Dataset extract:
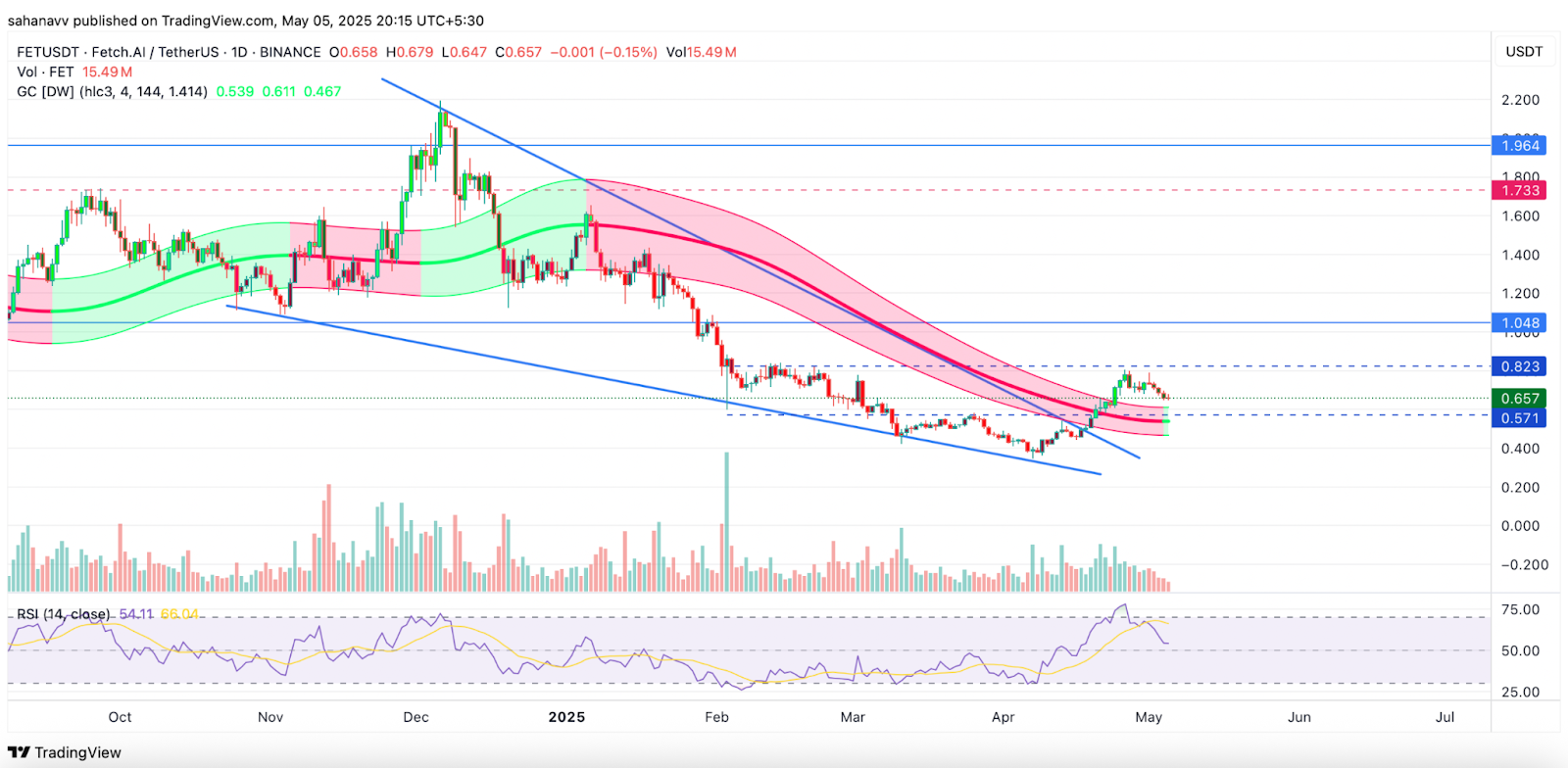 O preço do FET conseguiu quebrar a estrutura formada e está atualmente passando por uma correção. O token está se aproximando de uma zona de suporte horizontal chave no período mais baixo, que tem atuado como uma base sólida no passado recente. Embora o preço esteja enfrentando alguma pressão de baixa, um rebote do padrão de baixa pode desencadear uma forte subida de volta aos máximos locais.
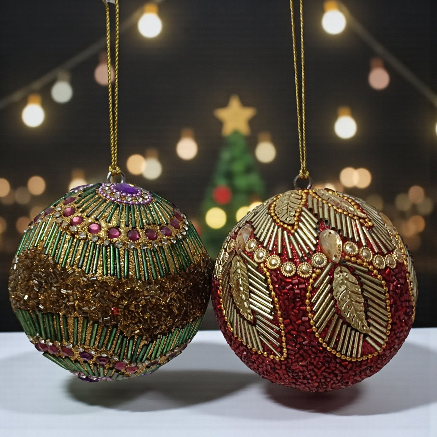 Set of 2 Embellished Balls Christmas Hangings
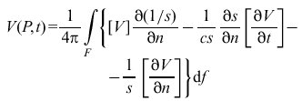(Kirchhoff 1883) für die zeitabhängige Erregung V (ohne Separation der hochfrequenten Zeitabhängigkeit) zu verwenden, wobei c die Lichtgeschwindigkeit bezeichnet. Die eckige Klammer bedeutet, daß die Zeit in der betreffenden Funktion durch das retardierte Argument t-s/c zu ersetzen ist. Es ist bemerkenswert, daß sich eine solche allgemeine Formulierung des Huygensschen Prinzips nur für Räume mit ungeradzahliger Dimension, nicht jedoch für solche geradzahliger Dimension angeben läßt. In letzterem Falle wird nämlich die Erregung V(P, t) nicht nur durch die zur jeweiligen retardierten Zeit vorliegenden Werte von V, ∂V/∂t sowie ∂V/∂n auf einer geschlossenen Fläche (im physikalisch interessanten zweidimensionalen Falle einer geschlossenen Kurve) bestimmt, sondern außerdem durch die Werte der genannten Größen zu grundsätzlich allen früheren Zeitpunkten (V. Volterra 1912).
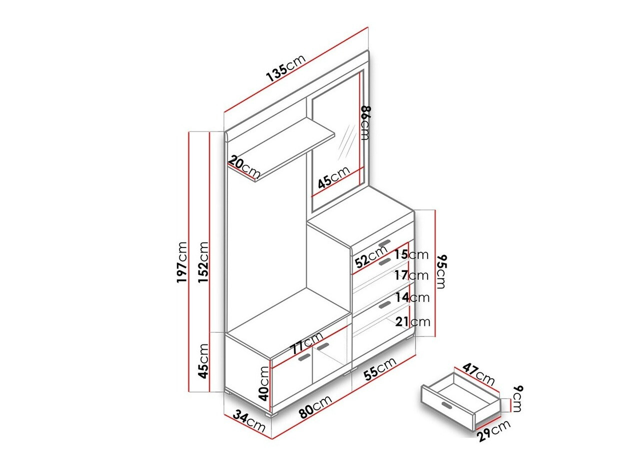 Die Möbel sind stabil, aber eine genaue Montageanleitung fehlt. Es könnten zwei weitere Haken angebracht werden, und zwar etwas tiefer als die vorhandenen.

Work required:
Without including any pictures, copy every line above exactly.

Result for this task:
 O preço do FET conseguiu quebrar a estrutura formada e está atualmente passando por uma correção. O token está se aproximando de uma zona de suporte horizontal chave no período mais baixo, que tem atuado como uma base sólida no passado recente. Embora o preço esteja enfrentando alguma pressão de baixa, um rebote do padrão de baixa pode desencadear uma forte subida de volta aos máximos locais.
 Set of 2 Embellished Balls Christmas Hangings
(Kirchhoff 1883) für die zeitabhängige Erregung V (ohne Separation der hochfrequenten Zeitabhängigkeit) zu verwenden, wobei c die Lichtgeschwindigkeit bezeichnet. Die eckige Klammer bedeutet, daß die Zeit in der betreffenden Funktion durch das retardierte Argument t-s/c zu ersetzen ist. Es ist bemerkenswert, daß sich eine solche allgemeine Formulierung des Huygensschen Prinzips nur für Räume mit ungeradzahliger Dimension, nicht jedoch für solche geradzahliger Dimension angeben läßt. In letzterem Falle wird nämlich die Erregung V(P, t) nicht nur durch die zur jeweiligen retardierten Zeit vorliegenden Werte von V, ∂V/∂t sowie ∂V/∂n auf einer geschlossenen Fläche (im physikalisch interessanten zweidimensionalen Falle einer geschlossenen Kurve) bestimmt, sondern außerdem durch die Werte der genannten Größen zu grundsätzlich allen früheren Zeitpunkten (V. Volterra 1912).
 Die Möbel sind stabil, aber eine genaue Montageanleitung fehlt. Es könnten zwei weitere Haken angebracht werden, und zwar etwas tiefer als die vorhandenen.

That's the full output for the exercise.